Узнав, что она защитница, дед испугался, прикинулся убогоньким дурачком. Мне стало тошно, и я пошла.
6
Дождь лил непрестанно и только к утру постепенно сошел на нет. На зорьке было зябко, во дворах кашляли барашки. В низинах с ночи залег туман. За туманом не видно ни реки, ни леса.
На такую погоду выходить из дому неохота. Но делать нечего: подоспел срок перечислять комсомольские взносы. Надо ехать в райцентр.
Я скинула туфли и пошла на автобус. На улице — ни души. Стадо только прогнали, и оно еще шевелилось впереди в тумане. По асфальту переползали лиловые дождевые черви. Воздух серый, как зола, видно плохо. Во всех избах зажгли свет.
Но вдруг — ровно ставню распахнуло: серое облако над Закусихином подвинулось, и открылось праздничное, воскресное солнышко. Все озарилось и заиграло. На склонах заблестела молодая рожь, зарумянилась красно-бело-зеленая гречиха. Тихонько, как бабушка на блюдечко, подул теплый ветерок. Весело, на весь свет гремя бидонами, с молокозавода под горку проехала подвода. Небо было чистое, синее. Где-то гудел самолет, но разве найдешь его в таком большом, одинаковом небе.
Теплое солнышко поднималось над землей.
Я дошла до стоянки, вымыла в луже ноги и надела туфли.
Гляжу, идет Пастухов. Говорит, что собрался в техническую библиотеку, а сам глаза прячет. А мне-то что! В библиотеку так в библиотеку…
Дождалась автобуса. Пастухов сел наискосок от кондукторши и уткнулся в газету.
Кондукторша была молоденькая, только еще привыкала. Билеты отрывала по кантику. Сперва загнет, потом оторвет. А когда подпирала грузную сумку ногой, из-под короткого бумазейного платьица выглядывала голая коленка, а на коленке — болячка-изюминка. Наверное, после работы еще с ребятишками бегает, в пряталки играет.
Работала она от души. В автобусе ходили часы и пело радио. Ей нравилось чувствовать себя полной хозяйкой в таком автобусе, нравилось командовать пожилому шоферу «поехали», давать людям сдачу.
Бежит автобус по шоссе, и солнечные квадраты плавают, как в невесомости, по спинам и головам. Бежит автобус, а Пастухов исподтишка любуется девчонкой. И болячку отметил. Как у нас говорят, втетерился. Что ж, девушка милая. Губастенькая, ладненькая. Такая милая хлопушка. Наверное, только с десятилетки, отличница.
Я не удержалась, подмигнула ему. Дескать, давай не теряйся! Он запылал весь — нырнул в газету. А солнышко было веселое, и меня так и подмывало созорничать. И я спросила кондукторшу:
— У тебя воспламеняющие вещества возить можно?

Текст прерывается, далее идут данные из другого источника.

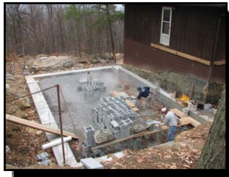
Block foundation walls for addition being laid.

— Нет, — сказала она. — Едкие и воспламеняющиеся вещества, а также колющие и режущие предметы к провозу не допускаются.
Пастухов сверкнул на меня злющим глазом. А девушка погляделась в стекло и незаметно выпустила из-под берета завиток.
Потом улыбнулась Пастухову и сказала застенчиво:
— Вы бы вперед пересели, молодой человек.
— Ничего, — мрачно отозвался он из-за газеты.
— Там читать удобней.
— И здесь хорошо, — сказал Пастухов грубо и оглянулся по сторонам.
Кроме нас, ехали еще четыре человека. Два парня из колхоза «Красный борец» спорили и торговались, делили еще не полученные запчасти. Бухгалтер с молокозавода доказывал старенькой- старенькой бабушке:
— Бывало, леща за рыбу не считали, а теперь и ерш — рыба.
А бабке было не до ершей. Она уцепилась за переднюю спинку сухонькими руками и крестилась на каждом ухабе. Боялась, как на самолете.
На двадцать шестом километре вошли еще двое: дяденька с перевязанной щекой и злющая женщина. Я ее знаю. У нее своя изба в колхозе «Авангард», а работает она в городе, служит администратором в кино. Нагляделась заграничных картин и строит из себя грамотную. Намазалась так, что зубы в помаде.
— Здравствуйте все, — сказал дяденька с перевязанной щекой и подал трешку. — Бери хоть всю, дочка, только погоняй быстрей. Стреляет — мочи нет.
Крашеная администраторша прошла вперед и села на инвалидную лавочку.
— Не забудьте приобрести билеты, — сказала ей в спину девушка. — Следующая — базар.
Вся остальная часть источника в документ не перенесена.